DESCRIPTION OF THE TASK - For this exercise, output exactly and only the lines running from the one with "Сорт с уникальной" through the final line of the data below, without pictures.

EXERCISE DATA -
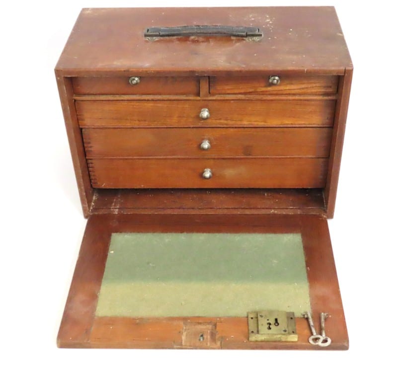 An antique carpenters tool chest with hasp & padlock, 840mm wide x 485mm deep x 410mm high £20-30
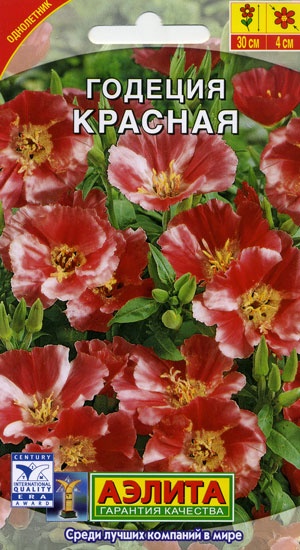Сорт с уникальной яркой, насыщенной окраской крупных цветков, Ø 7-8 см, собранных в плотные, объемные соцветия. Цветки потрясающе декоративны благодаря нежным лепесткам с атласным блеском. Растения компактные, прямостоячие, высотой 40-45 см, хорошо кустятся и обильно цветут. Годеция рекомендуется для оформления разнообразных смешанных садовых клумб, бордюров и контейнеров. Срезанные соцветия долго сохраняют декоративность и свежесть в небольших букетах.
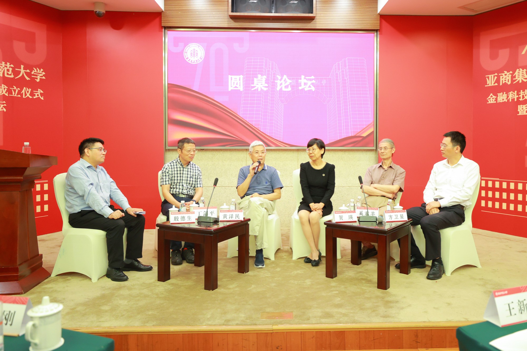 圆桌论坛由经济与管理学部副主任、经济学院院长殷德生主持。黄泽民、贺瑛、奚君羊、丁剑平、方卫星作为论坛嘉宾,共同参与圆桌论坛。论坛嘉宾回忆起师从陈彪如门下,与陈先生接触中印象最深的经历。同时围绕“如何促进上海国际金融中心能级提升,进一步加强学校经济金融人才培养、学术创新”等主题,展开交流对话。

RESULT OF THE EXERCISE -
Сорт с уникальной яркой, насыщенной окраской крупных цветков, Ø 7-8 см, собранных в плотные, объемные соцветия. Цветки потрясающе декоративны благодаря нежным лепесткам с атласным блеском. Растения компактные, прямостоячие, высотой 40-45 см, хорошо кустятся и обильно цветут. Годеция рекомендуется для оформления разнообразных смешанных садовых клумб, бордюров и контейнеров. Срезанные соцветия долго сохраняют декоративность и свежесть в небольших букетах.
 圆桌论坛由经济与管理学部副主任、经济学院院长殷德生主持。黄泽民、贺瑛、奚君羊、丁剑平、方卫星作为论坛嘉宾,共同参与圆桌论坛。论坛嘉宾回忆起师从陈彪如门下,与陈先生接触中印象最深的经历。同时围绕“如何促进上海国际金融中心能级提升,进一步加强学校经济金融人才培养、学术创新”等主题,展开交流对话。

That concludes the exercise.